问题
I have a Table named Example that has a over 5M rows.
I want to know the most efficient way to create a new DateTime column that does not allow nulls and has a default value of Now. just setting the value would fail due to the amount of rows.
The plan I have in mind would involve:
1) creating a new column that allows nulls.
ALTER TABLE Example
ADD RecordDate datetime
GO
2) set the value of the column to GETDATE() 1000 (or more if possible) rows at a time.
3) once all rows have a value, I would alter the column to not allow nulls.
ALTER TABLE Example
ALTER COLUMN RecordDate datetime NOT NULL
I am not sure on what would be the most efficient way of completing step number 2. so that is what I would like some tips on.
回答1:
To work though a large table with a sequential ID, applying updates in batches, this approach will work:
DECLARE @startID bigint
DECLARE @endID bigint
SELECT @startID=min(ID) from Example
WHILE @startID IS NOT NULL BEGIN
SELECT @endID=MAX(ID) FROM (
SELECT top(1000) ID from Example where ID>=@startID ORDER BY ID
) t
update Example
set RecordDate = GETDATE()
where ID between @startID and @endID AND RecordDate IS NULL
IF @@ROWCOUNT=0 BEGIN
SET @startID=NULL
END ELSE BEGIN
SET @startID=@endID
END
END
The batch size is controlled by
SELECT top(1000) ID from Example where ID>=@startID ORDER BY ID
Adjust the 1000 as necessary to ensure each UPDATE completes quickly. I've used this technique to update hundreds of millions of rows in batches of around 100000 per update.
回答2:
I would suggest:
ALTER TABLE Example ADD COLUMN RecordDate datetime NOT NULL DEFAULT getdate();
No matter how you attempt this, you are going to have to rewrite all the data records to add the extra bytes on each page for the value -- even if the value is NULL.
I had a thought that the following would minimize changes to the data:
ALTER TABLE Example ADD _RecordDate datetime;
ALTER TABLE Example ADD FirstDateTime as (cast(<current datetime> as datetime));
ALTER TABLE Example ADD RecordDate as COALESCE(_RecordDate, FirstDateTime);
On second thought, you still have to reserve the space on the page for _RecordDate, so the first method is probably the best.

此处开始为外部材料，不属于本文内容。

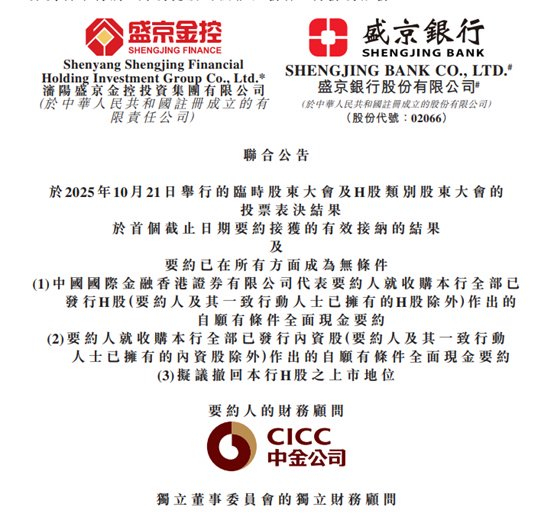 近期,盛京银行公告称,该行在2025年10月21日召开临时股东大会及H股类别股东大会以超过99.99%的赞成率通过了从香港联交所自愿撤回H股上市地位的议案。这也意味着这家老牌城商行正式启动退市程序。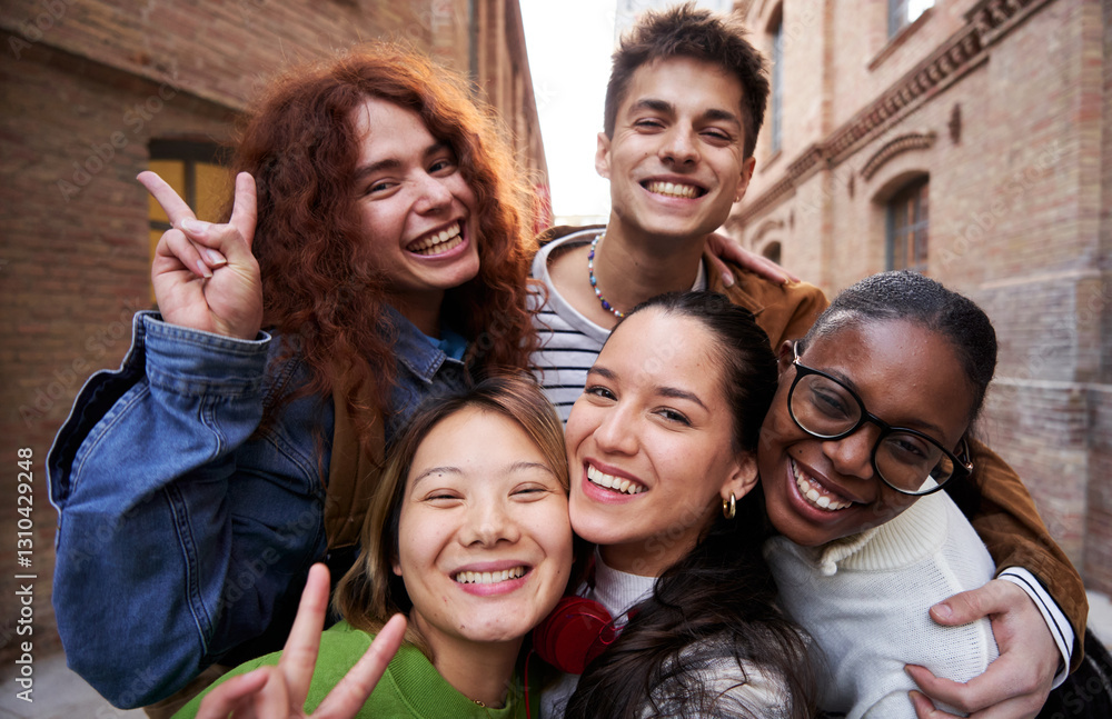 Group of multiethnic student friends taking a selfie together outdoors at university. Diverse people having fun using phone to take photos for social media.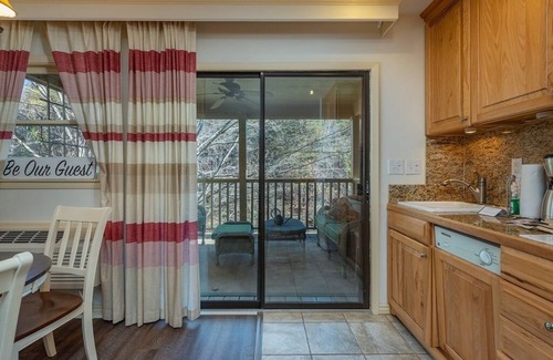 Open the door and surround yourself with a rich mountain experience. This upper-end villa is furnished with hickory wood, cozy quilts, antiques, and vintage fern prints to make your stay a memorable one. Step outside and enjoy the trees on the fully furnished porch complete with rattan seating, ceiling fan, flowering plants, and ivy lad trellis. This unit sleeps two-four, with a king size bed and a queen sleeper sofa. Inside the unit you will find a chandelier lit dining table for four. The kitchenette includes granite counter-tops, ceramic cook-top, microwave/convection oven, refrigerator, and dishwasher. Additional amenities include 150 channel satellite TV.This property is non-smoking and doesn't allow pets.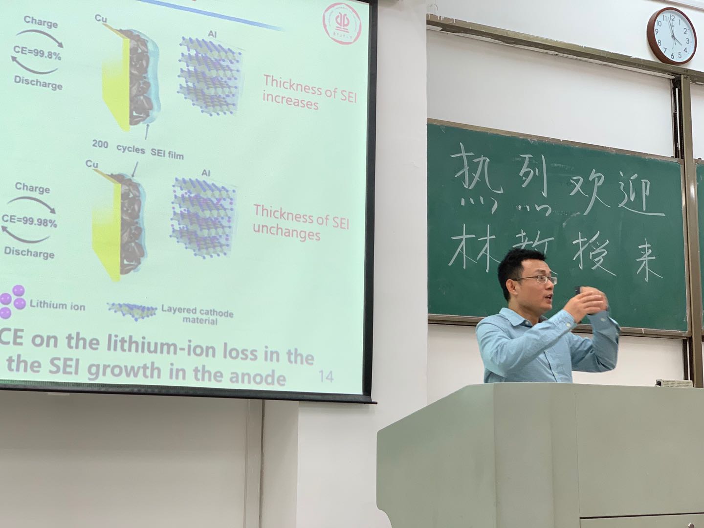林教授首先介紹了新能源汽車動力電池的市場需求和技術發展趨勢,指出動力電池高比能量(300-400Wh/kg)以及良好的安全性能一直是鋰離子電池追求的目標,也是電動汽車進一步普及的關鍵所在。負極體系中,硅作為鋰離子電池的理想負極材料,擁有10倍于石墨的理論容量(4200 vs. 372 mAh/g),可以有效滿足《中國制造2025》對動力電池高比能量密度的需求,但由于在循環過程中高達300-400%的體積變化,嚴重破壞了電池的電極結構,導致循環穩定性的下降。正極體系中,高比能層狀富鋰錳基正極材料具有非常高的理論比容量(>250 mAh/g),能夠有效滿足規劃中對動力電池高比能量密度的需求,但在循環過程中,電壓和容量衰減一直是富鋰錳基正極材料商業化面臨的最大挑戰,目前的研究認為這種衰減是由于高電壓下氧的釋放以及電解液的腐蝕引起的。報告圍繞高性能粘結劑對硅基負極循環性能的提高以及雙重修飾策略對富鋰錳基正極材料性能改進的重要作用等方面進行深入淺出的分析,開拓了我校相關研究人員的研究視野。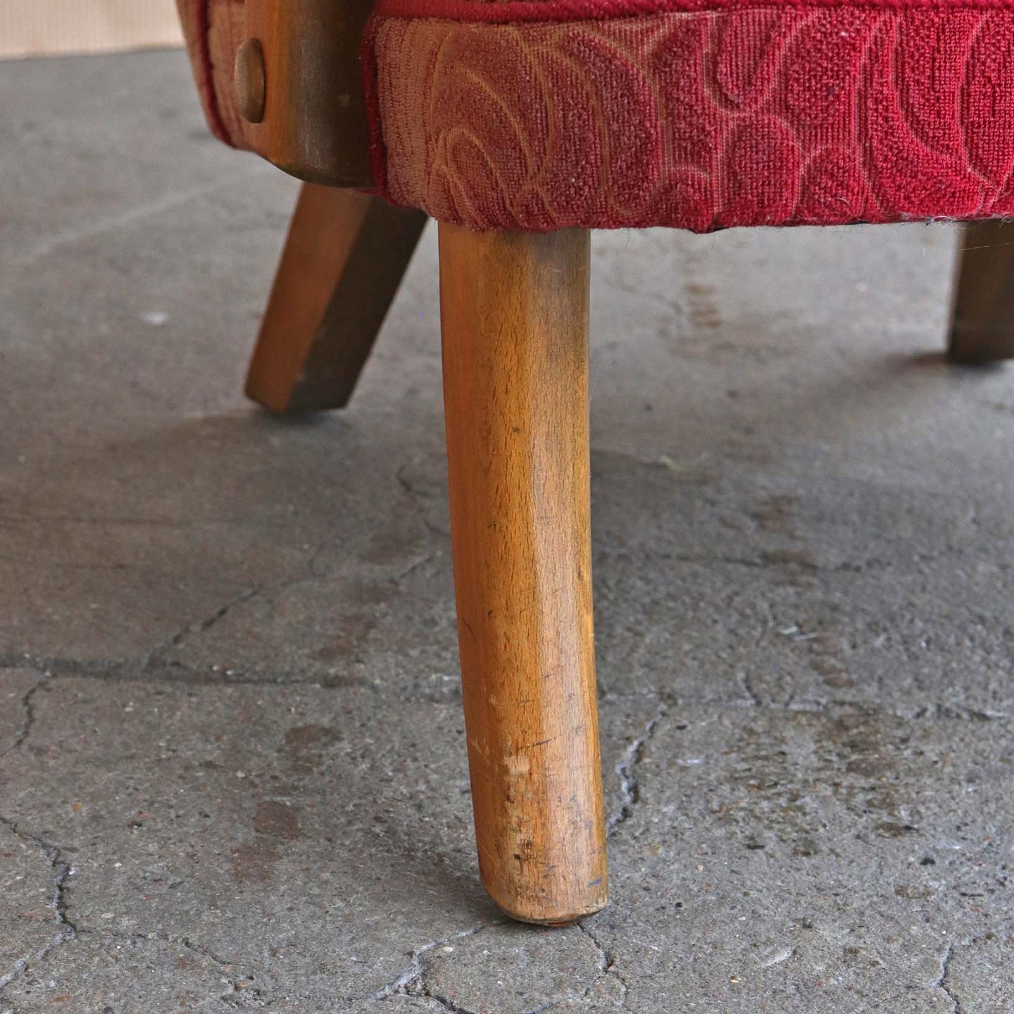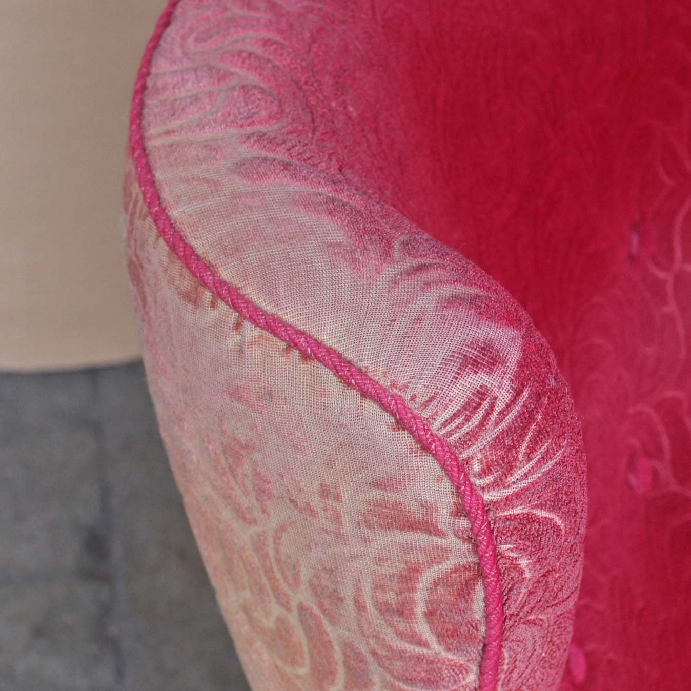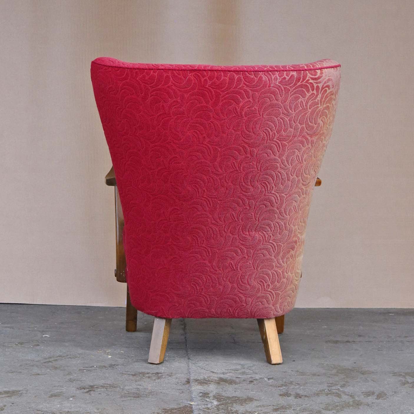 Ældre lænestol med stel i lakeret bøgetræ. Stolen har springfjeder sæde og er betrukket med struktureret rødt stof

Another alternative would be to set up another table with the same primary key and the record date. This requires a left join to get the information, but that would only be needed when you are accessing the column.
回答3:
mmilan
You can try this script on step #1:
ALTER TABLE Example ADD RecordDate DATETIME NOT NULL DEFAULT GETDATE()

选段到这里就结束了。